Root-Sprouted Legumes

Sprouted Soybean and Shitake Soup

Sprouted Soybean and Shitake Soup

Sprouted Mung Bean And Pea Curry

Sprouted Mung Bean And Pea Curry

Dried beans and peas are inexpensive, nutritious and satisfying – perfect ingredients for cold weather fare. But many cooks avoid dried legumes, put off by their long cooking time and reputation for causing, shall I say, “gastric distress.”

There’s a simple trick, though, to address the issues of long-cooking time and indigestibility: root sprouting.

You’re probably already familiar with the crunchy sprouts you can pick up in the produce section of most grocery stores; perhaps you make your own.

The process is simple. The seeds are rinsed in clean water, then soaked for several hours until they swell. They are then drained and placed in a container that has plenty of room for growth (dried legumes will expand at least four-fold), typically a glass jar with a piece of plastic screening bound with a rubber band over its top to allow for air circulation and drainage.

root-sprouted mung beans

root-sprouted mung beans

The jar is placed on its side in a fairly warm spot out of direct sunlight and twice a day the seeds are rinsed well with lukewarm water and drained; this prevents the seeds from growing unwanted fungi or bacteria. After several days (depending on seed viability and variety), roots emerge, followed by the “cotyledon” or first leaves.

For our purposes, though, we don’t need or even want the cotyledon to sprout. As soon as the root begins to pierce the skin of the legume, the formerly hard as a rock bean or pea has been transformed by metabolic activity into something soft enough to cook fairly quickly, its undigestible starches transformed into much more easily digested sugars.

Some sprouted legumes, such as dried peas and mung beans, cook up soft enough to eat without becoming mealy and mushy like most cooked legumes. Too, root-sprouted legumes are more nutritious than conventionally cooked dried beans and peas because sprouting results in a spike of nutrients meant to feed the growing seedlings.

And finally, because root-sprouted legumes must still be cooked before eating (unlike fully sprouted seeds), there’s no need to worry about the pathogens, such as salmonella and e-coli, that sometimes cause illness when people eat raw sprouts. Long simmering kills most food-borne microbes, so it’s fine to sprout dried legumes bought off the shelf in the grocery store, rather than buying guaranteed pathogen-free seeds, as is recommended if you intend to consume sprouts raw.

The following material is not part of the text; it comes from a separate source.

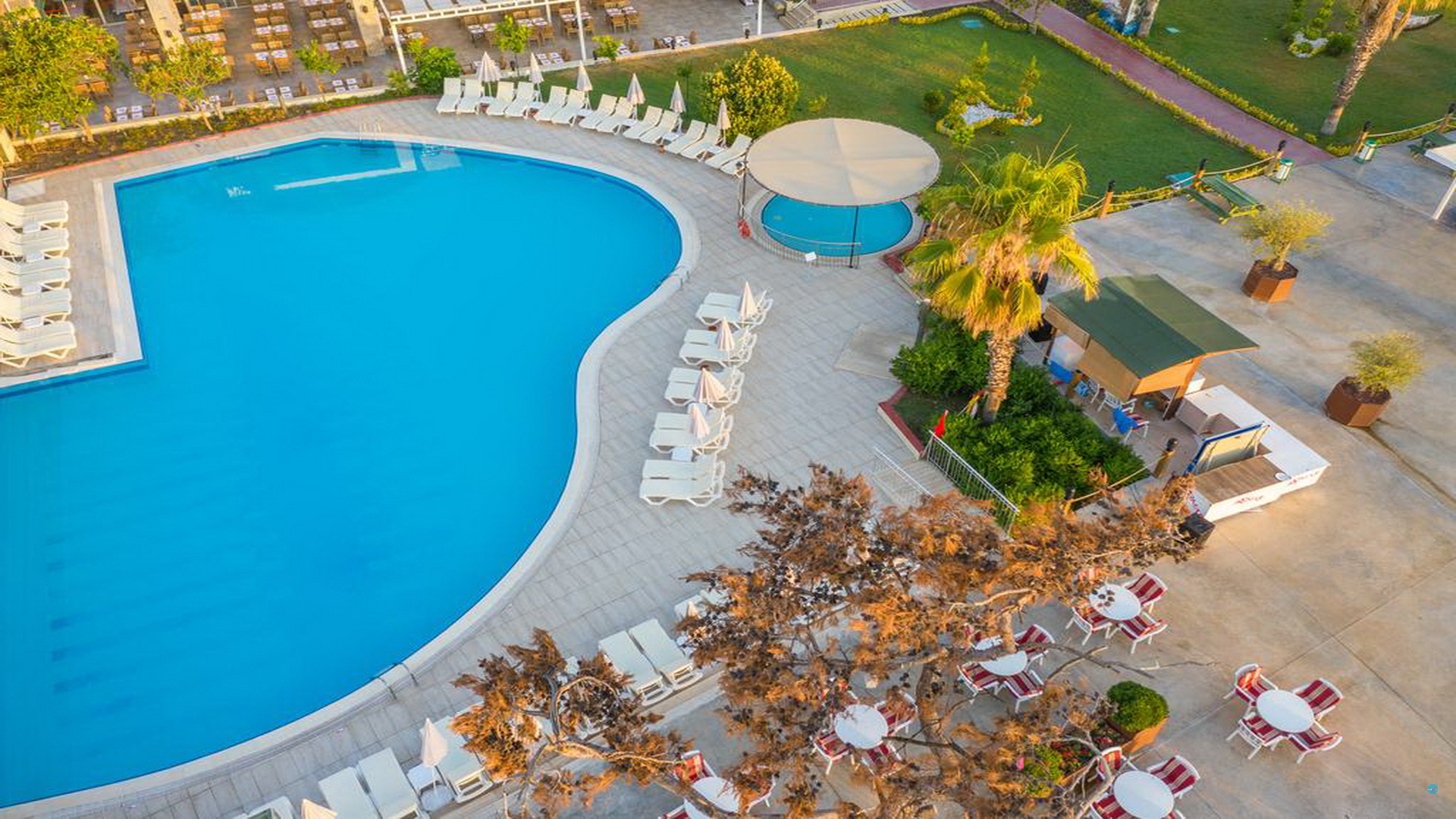 Отворен базен за возрасни и деца, две лизгалици на вода, фитнес, Турска бања, сауна, пинг понг. Масажа, билијард и спортови на вода дополнително се наплаќаат. Забавни програми во текот на денот и во вечерните часови. Мини клуб за деца од 04-12 год.
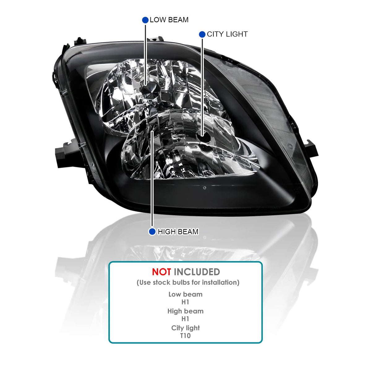 Spec-D Tuning Black Bezel Headlights Compatible With 1997-2001 Honda Prelude L+R Pair Head Light Lamp Assembly

I have had good luck sprouting many different legumes; most will work just so long as they are whole, have skins intact and are not too old. In my experience, chickpeas, lentils, soybeans and mung beans all germinate rapidly and taste great. I have had less luck with black beans, kidneys and pintos, all of which I suspect were too old to be viable. If four or five days go by with no sign of roots, I recommend simply cooking the beans in the conventional manner rather than waiting any longer.

Here are two easy recipes for root-sprouted legumes. The first is a nutritious Japanese-style soup full of the umami flavors found in shitake mushrooms, seaweed and soybeans. The second is for a tart-crunchy-spicy Indian curry that goes together quickly and could make a vegetarian meal accompanied by flatbreads or brown rice, or would also be delicious as a side to grilled fish or meat.

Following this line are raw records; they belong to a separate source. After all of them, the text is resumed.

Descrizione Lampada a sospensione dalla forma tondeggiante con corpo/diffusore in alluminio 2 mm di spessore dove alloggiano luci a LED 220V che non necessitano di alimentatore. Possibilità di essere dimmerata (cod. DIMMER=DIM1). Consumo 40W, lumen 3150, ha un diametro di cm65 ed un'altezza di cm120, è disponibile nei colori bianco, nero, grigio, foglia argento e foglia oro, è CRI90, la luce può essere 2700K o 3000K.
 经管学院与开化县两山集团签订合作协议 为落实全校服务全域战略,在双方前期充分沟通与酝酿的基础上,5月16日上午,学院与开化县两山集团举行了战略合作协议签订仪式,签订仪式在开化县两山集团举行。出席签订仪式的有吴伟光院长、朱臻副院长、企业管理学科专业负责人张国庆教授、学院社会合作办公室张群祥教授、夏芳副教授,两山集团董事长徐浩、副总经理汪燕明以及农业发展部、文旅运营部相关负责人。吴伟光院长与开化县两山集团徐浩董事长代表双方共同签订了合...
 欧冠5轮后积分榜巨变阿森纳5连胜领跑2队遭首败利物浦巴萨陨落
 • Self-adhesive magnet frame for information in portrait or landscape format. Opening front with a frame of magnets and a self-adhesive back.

Sprouted Soybean and Shitake Soup

Sprouted Soybean and Shitake Soup

Sprouted Soybean and Shiitake Soup

  •  2 cups root-sprouted soybeans (start with about 1/2 cup dried)
  • 2 cups sliced fresh or reconstituted dried shiitakes (if dried soak 1 cup mushrooms in 2 cups water and reserve the water for the soup)
  • 4 cups chicken or vegetable stock
  • 2 cups water (can include the mushroom soaking liquid)
  • 1/2 cup sake or white wine (optional)
  • 1tablespoon dried wakame seaweed, soaked in 1 cup water
  • 1 small bunch scallions, trimmed then sliced into rings, white and green parts
  • salt to taste (may not be needed depending on how salty the seaweed is)
  • pieces of lime for squeezing or good rice or cider vinegar (optional)
  • ground hot red pepper or sriracha sauce (optional)

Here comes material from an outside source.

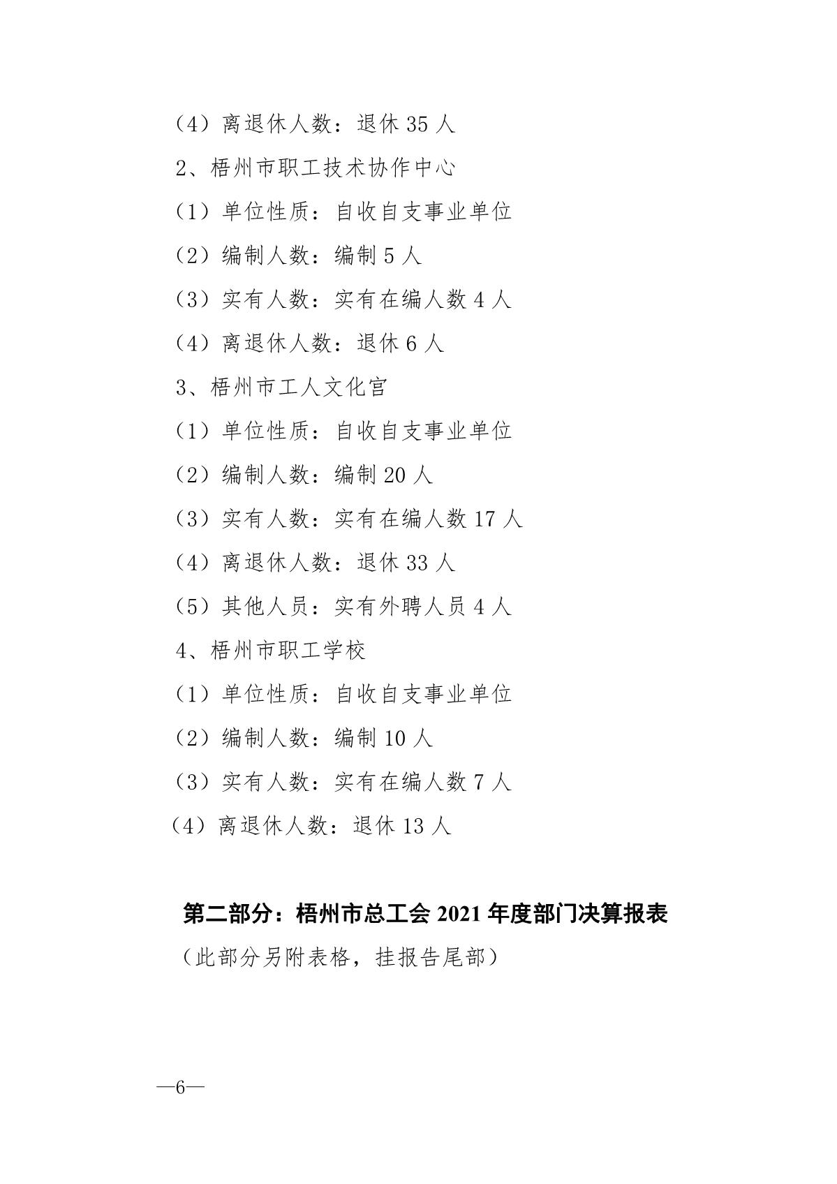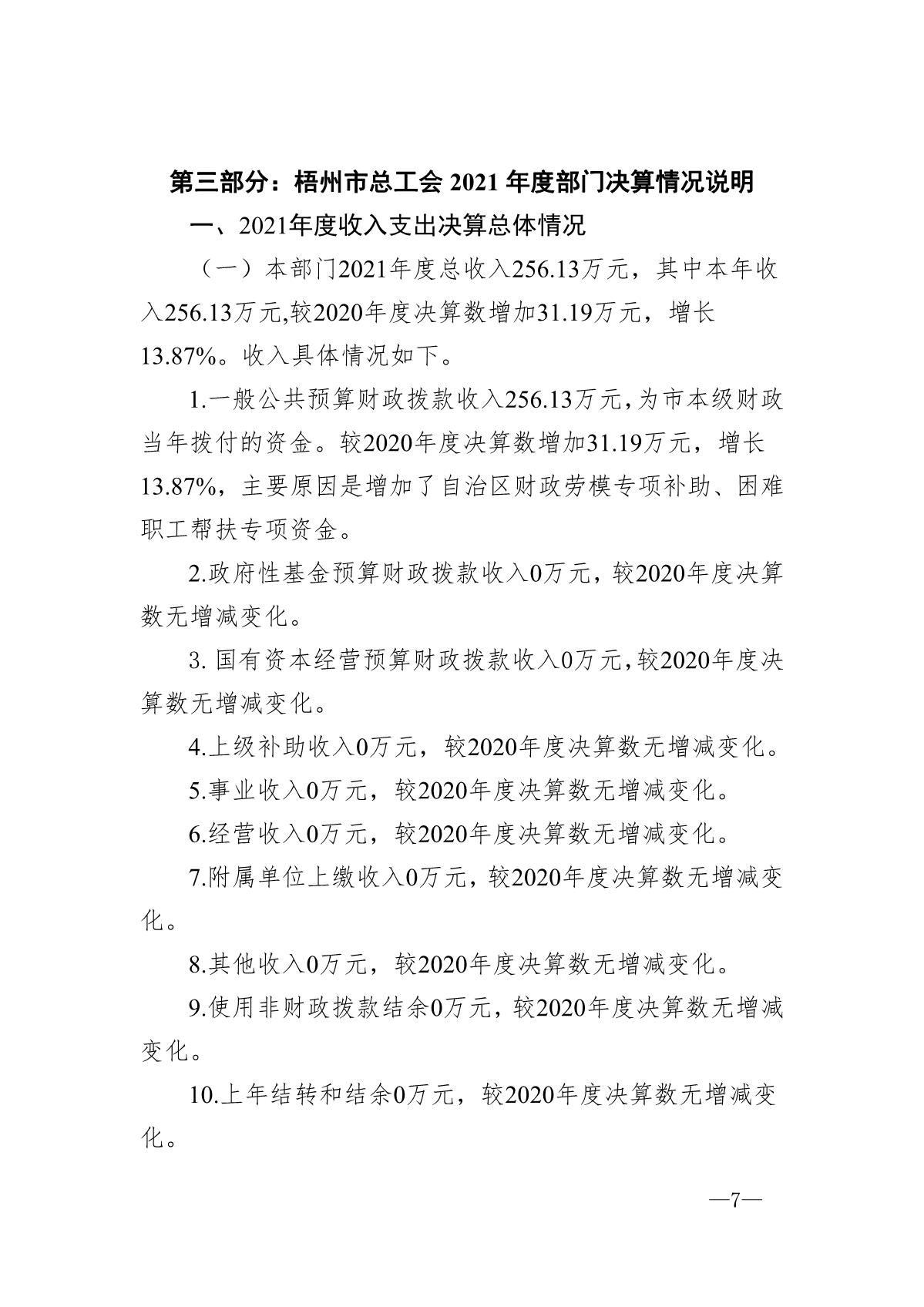 梧州市總工會(huì)2021年度部門決算公開說明
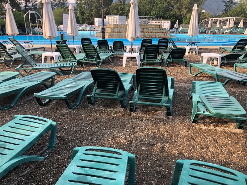 Aspectul ștrandului, în ansamblu, nu are nimic atractiv și astfel se explică numărul extrem de mic de oameni care aleg să-și petreacă timpul liber în acest spațiu, printre terenuri de sport cu lacătul pe poartă și tonete închise. În zi de duminică doar locul de joacă și micul parc de aventură pentru copii sunt ceva mai animate. În rest – de la bazine până la zona de relaxare din fața căsuțelor – pustiu!

Place the soybeans, the shitakes, stock, water (and/or mushroom soaking liquid), and sake together in a large pot and bring to a simmer. Cook for about 20 minutes, skimming any foam that gathers on the soup’s surface and discarding.

When the shiitakes and soybeans are tender, add the wakame and cook 5-10 minutes longer. Taste to see if the broth needs salt – the seaweed may have added enough seasoning already.

Just before serving, stir in the chopped scallions. Pour the soup into warmed bowls and serve with lime slices or vinegar and hot pepper on the side, so that guests may add as much acid and heat as desired to their own bowls.

Serves 6-8.

Sprouted Mung Bean And Pea Curry

Sprouted Mung Bean And Pea Curry

 Sprouted Pea and Mung Bean Curry

  •  2 tablespoons oil, such as sunflower
  • 1 large onion, red or yellow, finely chopped
  • 3 cloves garlic, peeled and minced
  • 1/2 teaspoon ground turmeric
  • 1 teaspoon ground cumin
  • 2 teaspoons ground coriander
  • 1/4-1/2 cup pickled jalapenos, chopped (more or less to taste)
  • 4 cups root-sprouted dried peas and/or mung beans (you will need to start with 1 cup dried)
  • 1 teaspoon sea salt (more or less to taste)
  • 2 cups water
  • 1/2 small bunch cilantro (try to find a bunch with roots still on it), rinsed and chopped, including stems and roots

Heat the oil in a heavy pot, then add the onion and saute, stirring for 5 or 10 minutes, until just beginning to turn brown around the edges. Add the garlic and cook for a minute and then add the turmeric, cumin and coriander and cook, stirring for a few minutes. Add the chopped jalapenos, and stir well, then add the beans and peas and stir for a minute or two.

Stir in the water and salt, bring to a simmer, lower the heat and put a lid on the pot. Allow the mixture to simmer for 15-20 minutes, until the legumes are cooked, but still have a nice crunch to them. Stir in the chopped cilantro, taste for seasonings and adjust if desired.

Serve with lime slices on the side for diners to adjust the tartness of the curry, if desired. Serves 4-6 as a main dish, 8 as a side dish.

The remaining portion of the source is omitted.